Quote from marketsurfer:
if these guys, with the most money of all time in their trend programs can't find the trend--- how can the average trader?
Trend following works. One only needs to apply it 'correctly'.
What I mean by 'correct':
1) Determine context. Trends exist in all time frames. Longer term trends (monthly, weekly) supercede shorter term trends (daily, hourly, min) in importance.
Or, another way of saying it - shorter term trends only exist INSIDE longer term trends as pullbacks, rallies etc. The monthly/weekly trend is the MASTER trend. All shorter time frame trends occur within this MASTER context.
2) Draw correct trendlines. Trends are drawn using the point 1-2-3 technique.
Point 1 is the highest/lowest point in old trend.
Point 2 forms the first V - opposite of point#1.
Point 3 forms the second V on the same side as point#1.
Check out one of Jack Hersheys thread for an explaination. Or here:
http://www.elitetrader.com/vb/showt...\\\\\\\\\\\\\\\\\\\\\\\\\\\\\\\\&pagenumber=1
A line drawn through Point 1 to 3 represents your trendline.
A parallel trend line from 1 to 3 is drawn through point 2. This is your channel line.
In the above example, the trend is down. Price will often move up to the trendline (right-most line) and bounce back down. The right trendline is where very low risk entries are placed in the direction of the trend.
This is how trendlines are drawn.
Most et'ers cringe at the 1-2-3 technique because its championed by the much lamented Jack Hershey/Grob.
However, those need to keep in mind the 1-2-3 technique isn't the invention of Jack Hershey. Rather its the traditional trend charting tool of technical analysts everywhere.
Take a look at John Murphys' seminal work "Technical analysis of the Financial Markets' and you'll find the 1-2-3 technique explained in chapter two.
Nothing new under the sun.
3) Putting it all together.
The market HONORS and OBEYS longer term trendlines far more than short term trendlines.
Use this to your advantage.
Identify the long term trend using the 1-2-3 method. Identify areas of support and resistance.
When price approaches the long term trendline (right line/hard resistance), switch down to a lower time frame. Wait for a 1-2-3 trend in the direction of a confirmation bounce. Take the next trade off that trendline = low risk/high reward entry.

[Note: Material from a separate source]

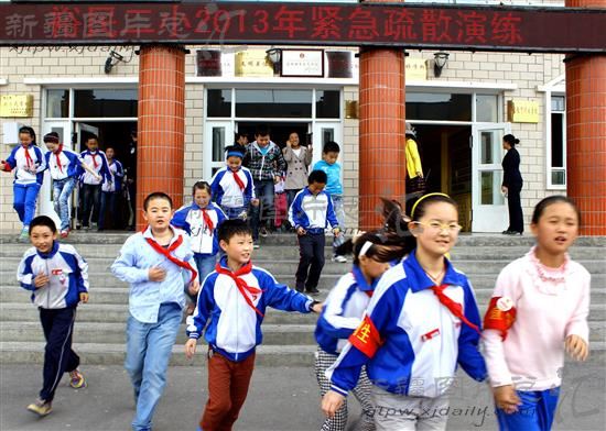 2014年3月12日,新疆塔城地区裕民县第二小学的师生进行防震减灾紧急疏散演练。近日,裕民县各级中小学校积极组织开展防震减灾紧急疏散演练活动,在派出所民警的组织和指导下,演练活动进一步提高了师生们在紧急避险、逃生自救及应急处置的意识和应变能力,强化了校园的安全管理。

This is what is often referred to by chartists/technical analysts when they, 'look for trades off the higher time frame and enter on the lower time frame'.
Explained above represents one of the easiest and least confusing ways to apply trend following.
More complexity (read: trading opportunities) can be accessed if one chooses to trade the subtrends occurring WITHIN the master long term trend.
This is done by:
1) drawing 1-2-3 trendlines on each relevant time frame. What is relevant? The market places precedence on higher time frame trendlines over shorter term trendlines. So higher time 'fractals' should be drawn first, followed by the next logical smaller time fractal etc. Lastly, trendlines in the desired trading fractal should be drawn.
The purpose is to generate a chart that projects higher fractal trendlines on the lower time frame chart you intend to trade off.
What we ultimately arrive at is a chart which is superimposed by all higher fractal trendlines that essentially serve to *bound* or provide *context* for the tradeable area.
Again, this is nothing new. John Murphy and countless other TA books suggest an identical method - using multi-fractal trendlines to identify short term trading opportunities.
Of course, theres more. Volume is usually used as a confirmation indicator (volume should move in the direction of trend - ie increases on rallies and declining during pullbacks during uptrend.
Others. Failure to traverse and trendlines breaks signal exits.
Its all pretty simple. Just have to take a leap a faith and invest the time to make it work. Because it does.